Owners Robert and Kelly Ziegler are dedicated to producing their baked goods without artificial ingredients, using locally grown whole wheat flour and eggs and organic, unrefined cane sugar. They also cater to those of us with dietary issues by offering the vegan muffin and several gluten-free muffins and cookies. (The filled ginger cookie Turley slipped me is three-bite heaven.)

Serious Delights has made a name for itself at the Durango Farmers Market, providing early-morning shoppers with golden brown croissants, savory jalapeño-cheddar bread and baby fruit pies. It’s all part of the Zieglers’ goal to contribute to the community, their customers and their employees.

“I want to change the quality of the food we put into our mouths,” Robert Ziegler said. “It’s the structure of our whole lives, and I want to recognize that.”

Back in the kitchen, Donharl concentrates on the difficult basket-weave design for the carrot cake, created by alternating flat, vertical lines with short, wavy ones. She finishes the top with bright orange carrots made from colored buttercream. Her hand shakes. She stops, takes one deep breath and returns to the task.

Donharl has worked at Serious Delights just six months, but the experience is shaping her future. The training in San Francisco sealed it.

“It helped me decide where I want to go in life,” the slight teenager said. “I want to do this.”

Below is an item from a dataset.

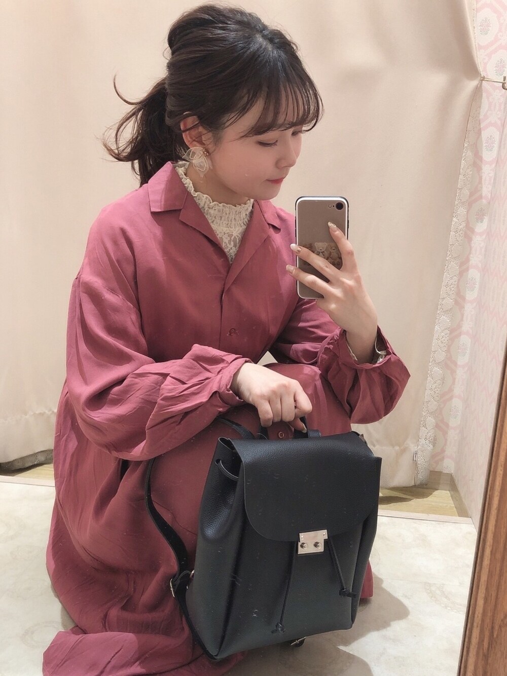 𓆝𓆟𓆜𓆞𓆡 お久しぶりです🌷 目を引くピンクに一目惚れ🥺💗 色味がめちゃくちゃ可愛いワンピです! ウエストマークもあるのですが、少し緩かったのでベルトで更に引き締めました🎶 小物は黒で締めて、胸元はレースで華やかに🎀 相変わらず開襟やVネックにはハイネックを重ねがち😌

One might wonder why. The sheer physical toll of baking cannot be understated, a fast-paced yet unending labor of lifting, measuring, rolling, baking and cleaning 10 hours a day. The five women were occupied every minute of the almost seven hours I was there, never once sitting down.

Evans, blonde, blue-eyed and with biceps a Hollywood star would envy, moved seamlessly all morning shaping loaves of sourdough, rolling perfectly round ciabatta buns and crafting seeded bagels. She placed them gingerly on a baking peel as big as a shower stall, yanked them into the hot oven in one swift motion and removed them the same way.

“I like shaping in the morning,” she said. “You control it to make really pretty bread.”

And indeed it was, her loaves of braided golden challah bread a wonder to behold. By noon, Evans’ baking was done, yielding 13 loaves of Irish soda bread, 14 demi baguettes, 16 Pugliese, 21 whole wheat, 21 Four Corners seed bread, 24 ciabatta buns for Ska Brewery and 108 smaller ciabatta rolls for the store case.

For me, a lifelong baker and lover of sweets, I discarded any notion of becoming Durango’s next gluten-free baker. I realize now that a writer’s sedentary life suits me just fine. But I did pick up a few tips: Under-bake cookies to make them chewy, add salt to make muffins brown, and frost a cake with a crumb coat before adding the finishing layer.

Meanwhile, I’m glad and grateful to have such talented professional bakers do it for me. Lemon danish, anyone?